Mutations that occur in at least two persons and have a frequency of at least 0.5% within a subtype are used to populate the appropriate columns of the table. A superscripted number following the mutation indicates the proportion of isolates belonging to the subtype and treatment category (drug-class naive or experienced) containing the mutation. Each mutation is also a hyper-link to a separate web page with detailed information on each isolate, including literature references with Medline abstracts, the GenBank accession number, and complete sequence and treatment records. Figure 1 summarizes the flow of information to the user showing the sequence upload form (Fig. 1a), the mutation frequency output (Fig. 1b), and the detailed isolate information page accessible through each mutation’s hyperlink (Fig. 1c).
Complete dataset view
In contrast to the HIVseq program, which provides mutation frequency data only for those mutations present in a user-submitted sequence, the complete dataset view (http://hivdb.stanford.edu/cgi-bin/MutPrevBy SubtypeRx. cgi) allows users to examine the frequency of all mutations according to subtype and treatment. Those viewing the complete dataset can adjust three parameters: (i) whether the mutation count is restricted to a single isolate per individual (i.e., the most recently obtained isolate while on antiretroviral therapy) or whether it may include more than one isolate from an individual if and only if different isolates from a person have different mutations at the same position; (ii) whether mutations present as part of electrophoretic mixtures contribute to mutation frequency; and (iii) the minimum frequency required for a displayed mutation. Three mutation frequency thresholds are available: all mutations, mutations with a reported frequency of at least 0.5%, and mutations with a reported frequency of at least 1% and occurring in at least two persons. The last option is necessary because fewer than 100 isolates from treated persons are currently available for some subtypes.

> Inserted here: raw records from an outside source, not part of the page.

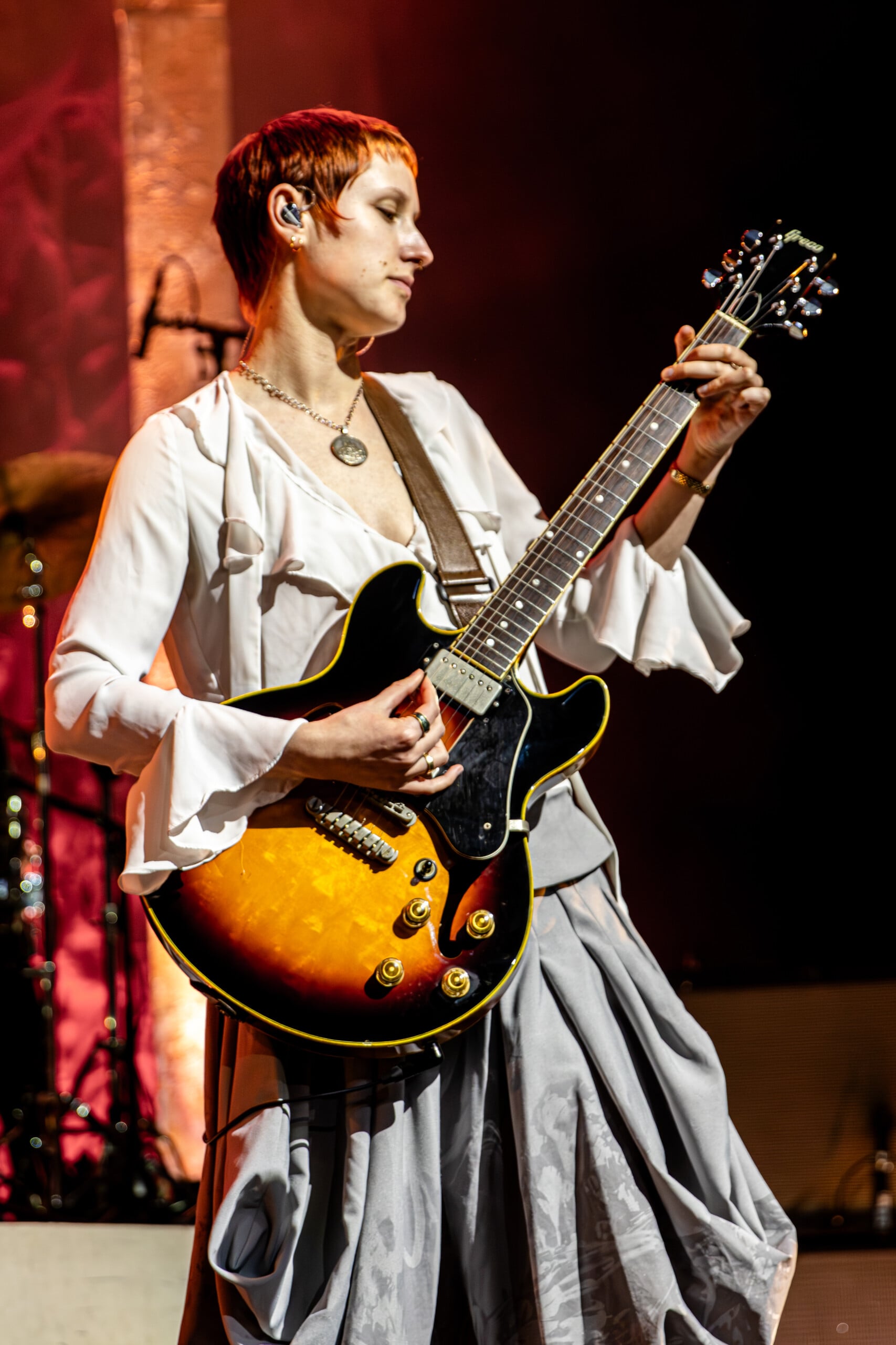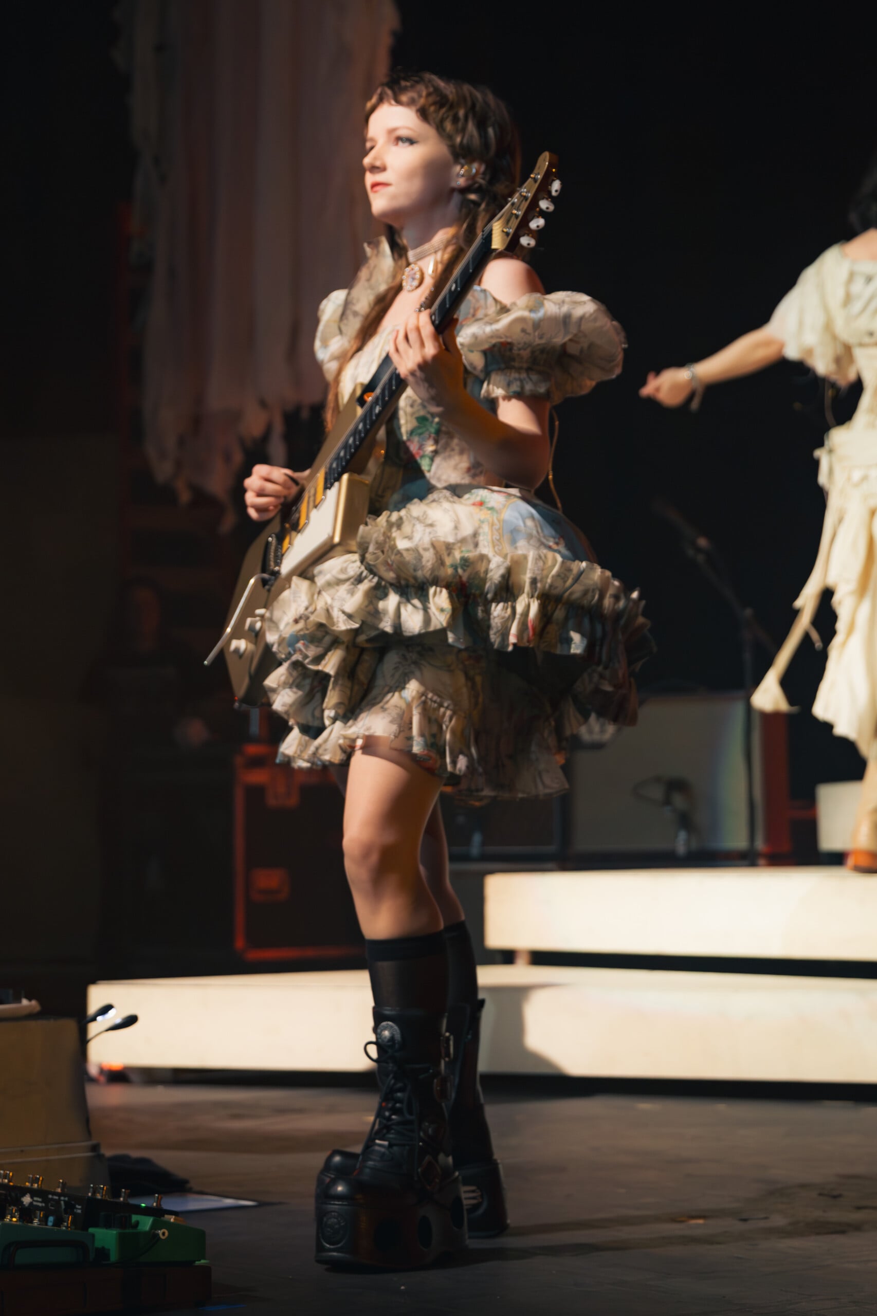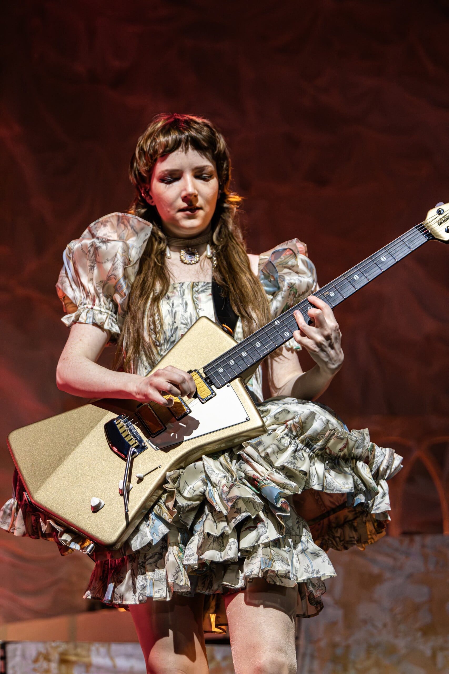 If there was ever a flat point during the show, it was when songs from the band’s first album were performed with lackluster expansiveness. Patterned instrumentation and indifferent faces trudged through the rote monotony of tracks done many times over. The Last Dinner Party came to know these songs well as they toured their only album two years ago in a global circuit encompassing not only countries but also festivals. Though energy as a whole was not lost, any stagnation was brief and barely perceptible, only noted when compared to more illuminating performances of songs they put forward with great enjoyment. Morris’ vocals kept up the energy throughout. Her performance superseded any draw towards the prosaic.
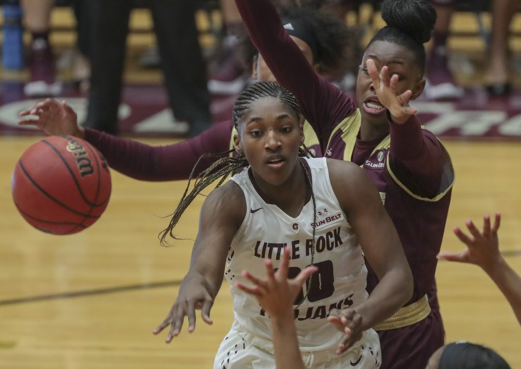 UA Little Rock forward Raeyana DeGray is surrounded by Texas State defenders during the Trojan’s game at the Jack Stephens Center. Photo by Benjamin Krain.
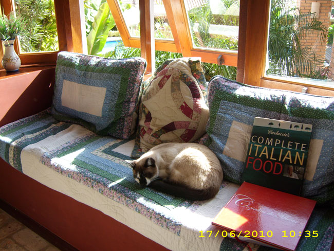 “Meu nome é Alessandra Ayub. Sou do Brasil. Moro na Granja Viana,em São Paulo.Esse é o Nescau, o gatinho da família.Ele adora dormir no sol da manhã que bate na bay window, na sala de almoço. Espero muito que voces gostem. Obrigada.”

Tables 1 and 2 summarize the number of isolates in the dataset according to subtype and treatment classification. There are a mean number of 534 protease sequences per non-B subtype from PI-naive persons and 133 from PI-treated persons, representing 13.2% and 2.3%, respectively, of the data available for subtype B. There are a mean of 373 RT sequences per non-B subtype from RTI-naive persons and 288 from RTI-treated persons, representing 17.9% and 3.8%, respectively, of the data available for subtype B.
Table 1.
HIV-1 protease sequences according to subtype and treatment exposure: datasets used to provide mutation frequency data for the HIVseq program (September 2005)
| PI naivea |
PI experienced |
|||||
|---|---|---|---|---|---|---|
| Subtype | Virusesb | Persons | Citationsc | Virusesb | Persons | Citationsc |
| Subtype B | 4037 | 3369 | 124 | 5720 | 3354 | 104 |
| Non-B subtypes | ||||||
| A | 637 | 621 | 52 | 71 | 59 | 10 |
| AE | 532 | 524 | 53 | 71 | 64 | 12 |
| AG | 794 | 791 | 55 | 101 | 83 | 16 |
| C | 993 | 973 | 83 | 276 | 216 | 20 |
| D | 343 | 311 | 55 | 89 | 73 | 23 |
| F | 178 | 173 | 41 | 139 | 129 | 18 |
| G | 261 | 259 | 31 | 185 | 169 | 10 |
| Non-B total | 3738 | 3652 | 932 | 793 | ||
PI, protease inhibitor.
Never received a PI, regardless of their reverse transcriptase inhibitor treatment history.
Total number of virus isolates for which sequences exist in the Stanford HIV RT and Protease Sequence Database (according to subtype and treatment). The number of viruses is higher than the number of patients because some patients have had viruses assessed a multiple time points.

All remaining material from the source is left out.